Aphaostracon

Scientific classification
- Kingdom: Animalia
- Phylum: Mollusca
- Class: Gastropoda
- Subclass: Caenogastropoda
- Order: Littorinimorpha
- Family: Cochliopidae
- Genus: Aphaostracon F. G. Thompson, 1968
- Type species: *Aphaostracon rhadinus F. G. Thompson, 1968

= Aphaostracon =

Genus of gastropods

Aphaostracon is a genus of very small or minute freshwater snails in the family Cochliopidae that have an operculum.

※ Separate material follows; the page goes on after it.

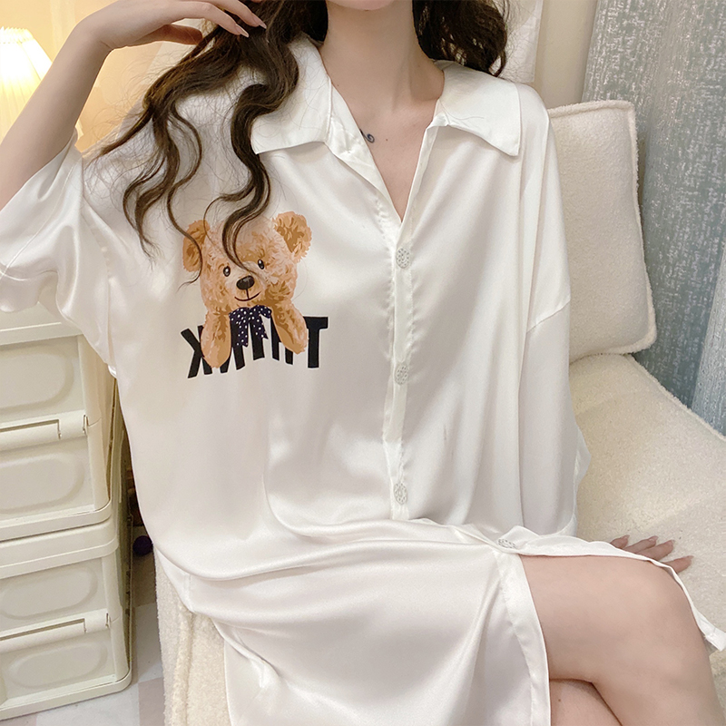 Ice silk white shirt boyfriend sleeping skirt female summer sleeve cute thin large size loose animated pajamas

Aphaostracon species are endemic to restricted areas in Florida, often to a single spring or spring run.

==Species==
This genus includes the following species:

Species
| Species | Common name | Range |
|---|---|---|
| Aphaostracon asthenes (F. G. Thompson, 1968) | Blue Spring hydrobe | Blue Spring |
| Aphaostracon chalarogyrum (F. G. Thompson, 1968) | freemouth hydrobe | Magnesia Springs in Alachua County |
| Aphaostracon hypohyalinum (F. G. Thompson, 1968) (Syn: A. hypohyalina) | Suwannee hydrobe | Suwannee, Santa Fe, and Waccasassa rivers |
| Aphaostracon monas (Pilsbry, 1899) | Wekiwa hydrobe | Wekiwa Springs |
| Aphaostracon pachynotum (F. G. Thompson, 1968) (Syn: A. pachynotum) | thick-shelled hydrobe | upper half of St. Johns River |
| Aphaostracon pycnum (F. G. Thompson, 1968) | dense hydrobe | Alexander Springs, Silver Glen Springs |
| Aphaostracon rhadinum (F. G. Thompson, 1968) | slough hydrobe | tributaries of lower St. Johns River |
| Aphaostracon theiocrenetum (F. G. Thompson, 1968) (Syn: A. theiocrenetum) | Clifton Spring hydrobe | Clifton Springs |
| Aphaostracon xynoelictum (F. G. Thompson, 1968) | Fenney Spring hydrobe | Fenney Spring, in Sumter County |

One or more additional Aphaostracon species have been reported from springs in Florida, including Bugg Spring, De Leon Springs, and Green Springs. The snails from the three springs have not described in an authoritative publication, and it is not known if they belong to one, two, or three species.